José Gurvich
Constructivism has been an artistic movement that our gallery has always been very close to. Over the years we have presents the work of his creator, Joaquín Torres-Garcia in several solo and group exhibitions.
This avant-garde that Torres-García began to gestate in Paris by the end of the decade of the 1920s and the beginning of the 1930s, and culminated in his natal Montevideo, lived a great momentum in 1943, when the Torres-Garcia workshop opened and there a generation of young artists changed the artistic background of Uruguay and all the Cono Sur.
Over the years, we have presented several exhibitions about it, from the one dedicated to the Workshop itself, with works from the 1940s of its members, up to solo shows not only of Torres-García, but also of some of his students such as his son, Augusto Torres, or Alceu Ribeiro, one of his first disciples.
A special case is José Gurvich, whose work we presented for the first and only time in Barcelona in 2000. He joined the workshop shortly after the making of the famous Saint-Bois murals, and over the years he became one of the members of the workshop with more international recognition.

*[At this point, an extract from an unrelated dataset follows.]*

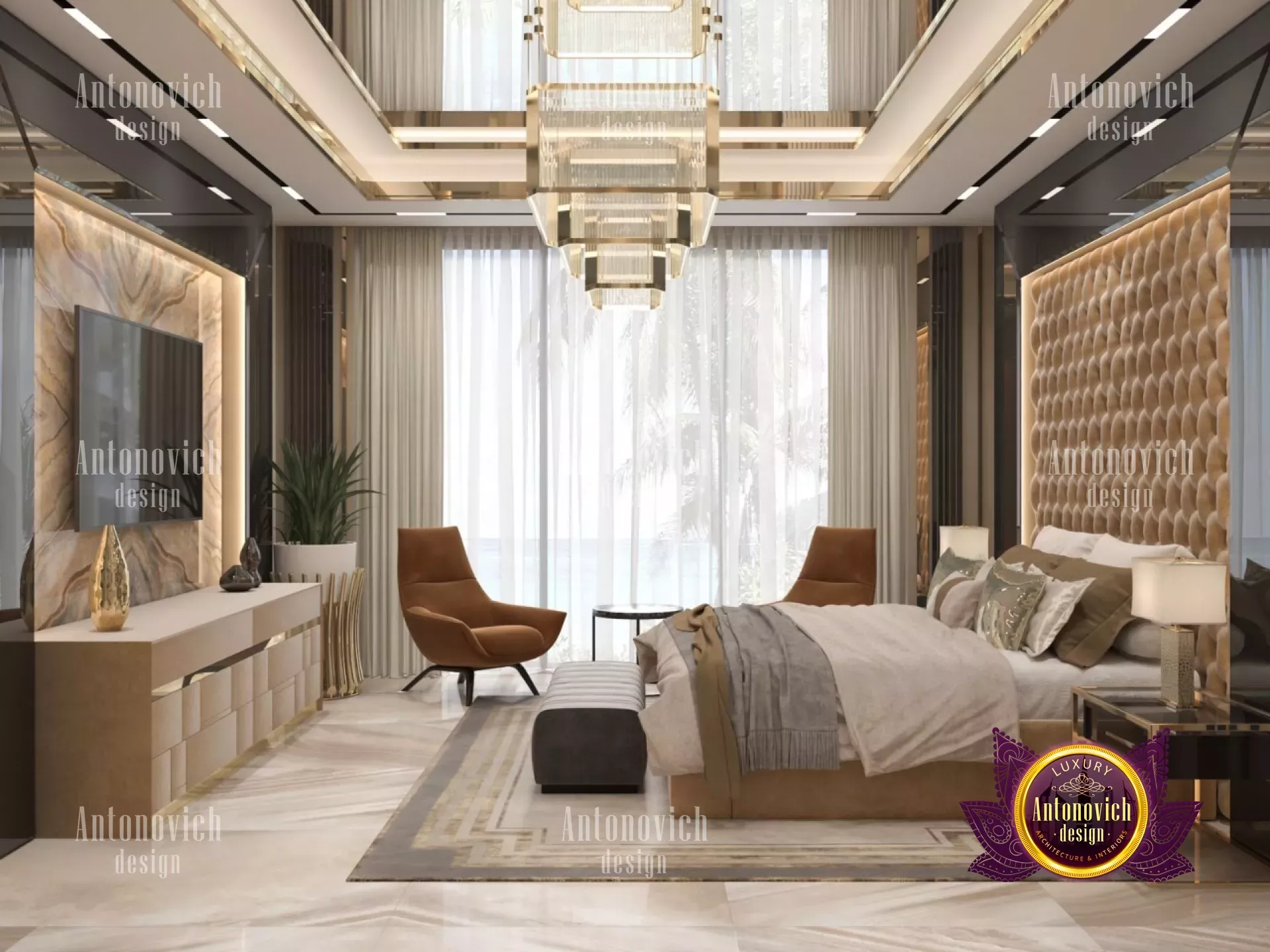 أنيق وفاخر بكل معنى الكلمة. يجمع هذا التصميم الداخلي لغرفة النوم الفاخرة أثاث غرف نوم فاخرة مخصص لضمان تفوق الغرفة على التوقعات. النغمات تبقى بنية فاتحة، مما يمنحها هالة عصرية جذابة. لضمان اتساع إضافي، تضم الغرفة طاولات وكراسي فاخرة. الثريا أيضًا مميزة وعصرية للغاية. توضع المرايا بشكل استراتيجي مع أشكال وأنماط مميزة. إن كنت تبحث عن أفكار أو تريد تحسين غرفة نومك لتصبح أكثر أناقة وفخامة، فأنت في المكان المناسب؛ اطلع على نصائح تصميم غرف النوم الحديثة للحصول على إرشادات تنفيذية. هذه غرفة أنيقة وعصرية! المساحة الشاسعة مصممة ومنسقة بذوق رفيع. هي عمل فني بحد ذاتها. شهد العديدون براعتهم في تحقيق أفضل تصميم غرفة نوم بألوان بنية وذهبية. غالبًا ما يتعاونون مع مهندس استشاري لصقل التفاصيل الهيكلية والفنية. خدماتهم في التصميم الخارجي تضمن تناسق المنزل بأكمله. راقب كيف يترابط الأسلوب الداخلي مع واجهات المنزل الحديثة الفاخرة لمظهر خارجي متناغم. وبالنسبة للمشاريع الفخمة جداً، يمكن الاطّلاع على أمثلة تصميم داخلي للقصور. كما يقدّمون خدمات توريد متخصصة بما في ذلك توريد أثاث للبحرين. بقوة التصميم وبهائه، يكمل تناغم اللونين البني والذهبي بعضهما البعض. هذا التصميم الداخلي المذهل خيار رائد للعديد من الأسر الراقية.

View of JOsé Gurvich’s show in our gallery, 2000.
His beginnings are clearly constructivist, as his fellow students were, but his evolution takes him to a personal path that moves him away of them and gives him his own personality. A relevant detail will be his religion, Judaism, something that he incorporates into his work, especially after his stays in a kibutz in Israel.
Later on, he moves on to new techniques like Torres-García he will always a lot for small drawing, but also he became a renowned muralist and will work in depth with sculpture, in ceramics s swell as in bronze, offering a personal synthesis of Judaism and Constructivism, developing a very personal language that can be appreciated in works such as “Hombrew universal” (Universal man) or “Torre del Edén” (Tower of Eden).
Pese a su prematura muerte en Nueva York, donde estaba proyectando una serie de esculturas de gran formato, consiguió realizar una obra completa y personal en la que los principios del constructivismo fueron la base para desarrollar su propio camino.
Despite his early death in New York, where he was projecting a series of large scale sculptures, he managed to develop a complete and personal body of work where the principles of constructivism were the base to his own path.